状況変わらず20年…国と県、見えぬ着地点
米軍普天間飛行場(沖縄県宜野湾市)は全面返還の日米合意から12日で20年たったが、返還に向けた道筋は不透明なままだ。菅義偉官房長官は12日の記者会見で「日米同盟の抑止力維持と普天間飛行場の危険性除去を合わせた時、辺野古移設が唯一の解決策だ」と述べ、名護市辺野古への移設方針を堅持する姿勢を強調した。
菅氏は、北朝鮮の核・ミサイル開発や中国の軍事力増強を念頭に「我が国を取り巻く安全保障環境が一層厳しさを増している」とも指摘し、計画に理解を求めた。
また、沖縄県の翁長雄志(おながたけし)知事が、20年間返還が実現しなかったことを「県内移設ありきで物事を解決しようとする政府の姿勢」が原因だと主張したことに対し、「翁長知事も県議当時、県内移設を叫んでいた」と反論。政府と県との溝の深さもみせた。

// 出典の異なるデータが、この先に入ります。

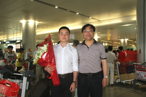 我院党委副书记陈超(右)来到机场迎接陈义(左)

政府の強気の背景には、最終的には県との訴訟で勝訴できるとの自信がある。菅氏は、2013年12月に、当時の仲井真弘多(なかいまひろかず)知事が行った辺野古沿岸部の埋め立て承認について「なんら瑕疵(かし)がなく行政判断は示されている」と述べ、正当性を訴えた。